2 - Participer à la création d’une fabrique des communs pédagogiques
Il s’agit de créer un dispositif d’action publique (un cadre, des règles) qui met effectivement en coopération des acteurs publics (écoles, académies, collectivités) et des communautés contributives (enseignants, médiateurs numériques, développeurs, designers, architectes, chercheurs, parents, et d’autre), sur des problématiques d’intérêt général dans le champ de l’éducation. Elle permettrait, entre autres, l’émergence et la préservation de communs numériques.
Par cela, il s’agit de rendre possible et d’encourager les pratiques des communs pédagogiques à travers un dispositif d’action publique qui permet plus de porosité entre les acteurs.
Elle poser la question de l’école comme participante à l’élaboration de nouveaux modèles de contributions et de productions citoyennes - de connaissances, d’outils ou autre - et par là, à redéfinir son rôle et son impact dans la société.

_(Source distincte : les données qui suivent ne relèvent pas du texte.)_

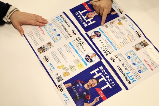 オフィス内では、HTTに関するリーフレットを設置するほか、デジタルサイネージを掲出するなど、従業員がより環境意識を高められるよう啓発活動を開始しました。クリエイティブには当社グループのプロサッカークラブ「FC東京」に所属する長友佑都選手や佐藤恵允選手などを起用しています。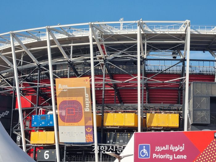 이 경기장에는 냉각 시스템이 없다. 애초에 해체를 염두에 두고 지은 경기장이다 보니 냉각 시스템을 만들지 않았다. 사막 도시에 건설된 경기장에 에어컨이 없다는 것은 상상하기도 힘들다. 그런데 경기장은 예상과 달리 너무 시원해 놀라움을 줬다. 친환경 경기장 답게 자연 바람을 이용해 경기장 온도를 쾌적하게 유지한다. 바닷가 인근에 위치한 경기장에 컨테이너 사이사이 공간으로 자연스레 해풍이 순환할 수 있도록 설계된 듯했다. 이날 경기가 열린 시간은 현지시간으로 오후 7시였는데, 오히려 쌀쌀해 자주 팔짱을 끼며 체온을 끌어올려야 했다.

3 - Pérenniser et ouvrir apps. edu
L’annonce du déploiement officiel d’apps.education est un signal positif. Néanmoins, il serait intéressant d’aller plus loin, en faisant d’apps. edu un commun numérique :
- accessibles aux membres de la communauté éducatives (parents, enseignants, associations, etc.) afin de s’organiser localement et collectivement. Ce qui serait très utile par exemple dans le cadre des Cités Educatives
5 - Conclusion
L’usage des logiciels libres et l’accès aux communs sont gratuits mais leur production, leur qualité, leur accessibilité et leur pérennisation ont un coût : la contribution.